BS cement with a specific surface area of 690 m / kg was prepared from the simulation of the cement plant Hranice. 0.8% water and 1% sodium lignin sulphonate, partially devoid of monosaccharides. Mortars with w = 0.30 were prepared from this cement, from 3 fractions of standard quartz sand in different ratios, the cement: sand ratio was always 1 and 3 by weight. The mortar was always monitored for the beginning of setting and workability. Workability was assessed by measuring the grooved cone insertion depth for 30 s under constant load.

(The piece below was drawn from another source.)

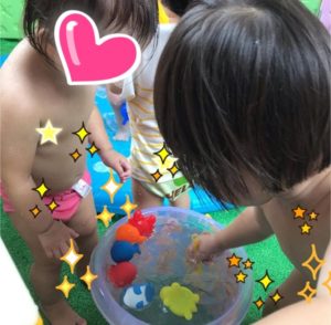 かわいいお魚をバケツに浮かべて釣りをしました🐟

Table 1 Total surface area of sands calculated from the value of setting solidity workability, depth of mean grain size (m * ² ) (min) injection (divisions)

520

490

720

990

1260

1400

1580

1700

120 145 115 135 105 145 105 115 95 110 85 100 ALIGN! 80 ’ 70 60 75

CS 273 229 B1

The injection of 145 pieces corresponds to a moving to liquid consistency of the mortar and - moving to liquid;

The injection of 70 pieces corresponds to the plastic consistency of the mortar.

Example 2

For mortar preparation with w = 0.33 and wt. cement ratio; Sand 1: 3 was used by

BS cement with a specific surface area of 690 m / kg, which was prepared as in Example 1. As sand, construction sand which did not comply with SsN in terms of washable particle content - high clay content - was used. Two fractions were prepared from this sand:

up to 2.5 mm and 0.6 to 2.5 mm. When using a fraction of 0 to 2.5 mra, the start of mortar solidification was after 8 to 12 minutes, while the application of sand of the fraction of 0.6 to 2.5 mm extended the start of solidification to 25 to 30 minutes.

Example 3

BS cement was prepared from the clinker of the Štramberk cement plant by grinding to the specific surface p

470 m / kg with 0.05 wt. dodecylbenzenesulfonic acid triethanolamide.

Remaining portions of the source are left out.